В январе 1770 года, когда друзья-соглядатаи все еще безуспешно спорили о том, что думать или делать во всей этой запутанной истории, произошел инцидент с «Форталезой». Раздраконенный тем, что прошлым летом в Ньюпорте был потоплен доходный шлюп «Либерти», таможенный флот под командованием адмирала Уоллеса стал проявлять повышенную бдительность по отношению к чужим судам, и на этот раз вооруженная шхуна Его Величества «Лебедь» под командованием капитана Чарльза Лесли после короткого преследования захватила барселонскую баржу «Форталеза», следовавшую, согласно бортовому журналу, из Каира в Провиденс. Когда судно обыскали на предмет контрабандных товаров, таможня с удивлением обнаружила, что груз целиком состоит из мумифицированных тел, вывезенных из Египта. В графе получателя груза значился некий «капит. А. Б. В.», который должен был принять его на лихтер близ мыса Намквит и доставить в условленное место. Личность мореплавателя-имярека капитан «Форталезы», Мануэль Аррида, не счел нужным разглашать. Вице-адмиралтейский суд в Ньюпорте мешкал: с одной стороны, мумии – не контрабанда по действующему закону, с другой – кому и зачем они в принципе могли понадобиться? В конце концов, согласно вердикту господина юриста Робинсона, судно Арриды было освобождено, но ему был предписан запрет на заход в портовые воды Род-Айленда. Позже ходили слухи, что его видели в бостонской гавани, хотя оно никогда открыто не заходило в городской порт.

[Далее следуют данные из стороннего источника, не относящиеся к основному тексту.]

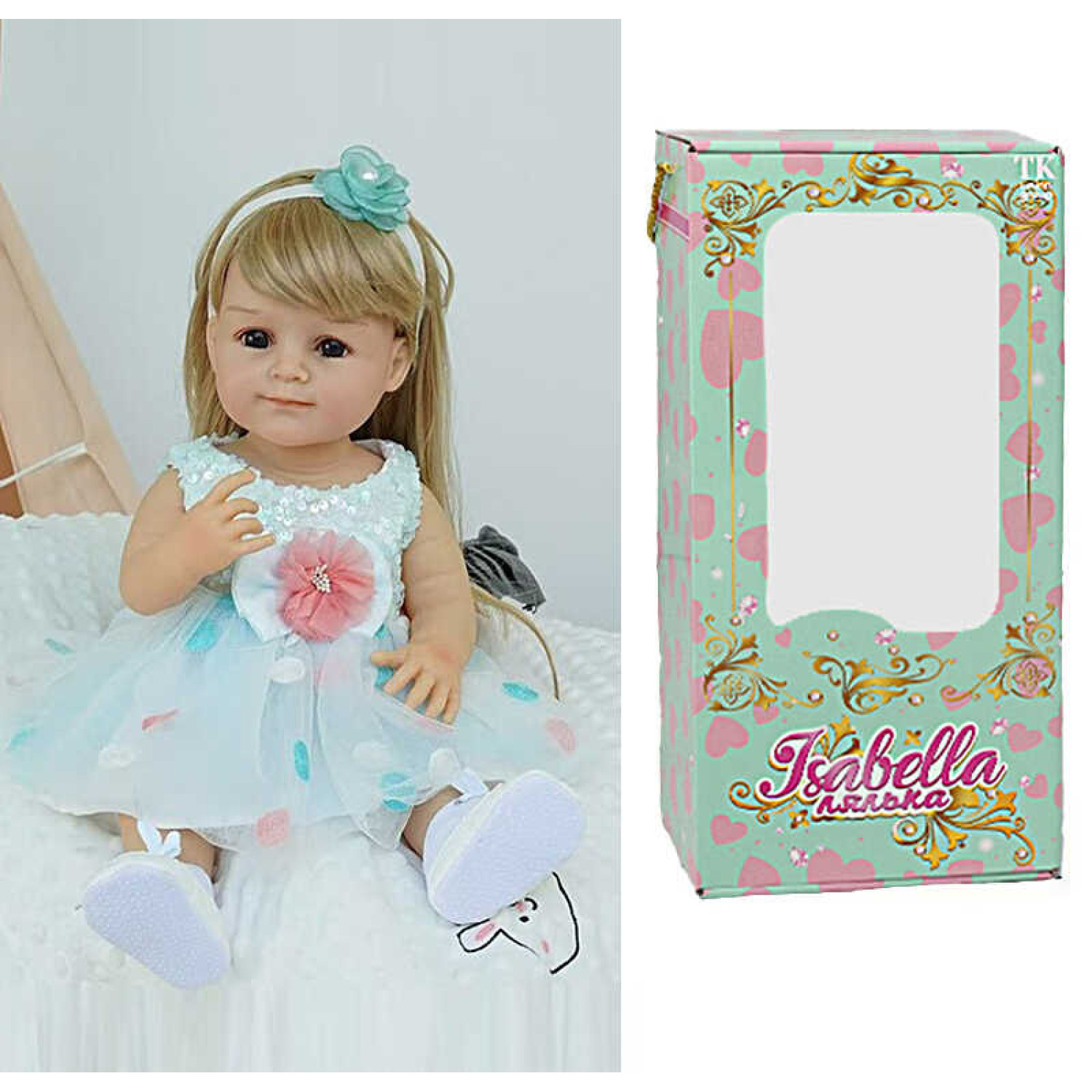 Особливості: Висота: 50 см. Лялька виконана з гуми. Імітація скляних очей. Довге й густе прошите волосся. Аксесуари у комплекті: магнітна пустушка, памперс, пляшечка, взуття, повязка на голову. Подарункове пакування.

Этот необычайный случай не остался незамеченным в Провиденсе, и мало кто сомневался в существовании некой связи между грузом мумий и зловещим Джозефом Карвеном. Его экзотические заморские закупки и нетривиальные химические исследования были общеизвестным делом, равно как и нездоровый интерес ко всему мертвому. Не требовалось богатого воображения, чтобы связать его с причудливым импортом, который, вестимо, не предназначался никому другому в городе. Будто зная, в каком ключе о нем говорят, Карвен несколько раз как бы случайно поминал особую медицинскую ценность бальзамов, приготовленных из мумий – очевидно, полагая, что может представить это дело как совершенно обычное и естественное, но все же прямо не признавая своей причастности. Уиден и Смит, конечно, не питали никаких сомнений относительно предназначения груза, строя самые невероятные теории, касающиеся как самого Карвена, так и его чудовищных трудов.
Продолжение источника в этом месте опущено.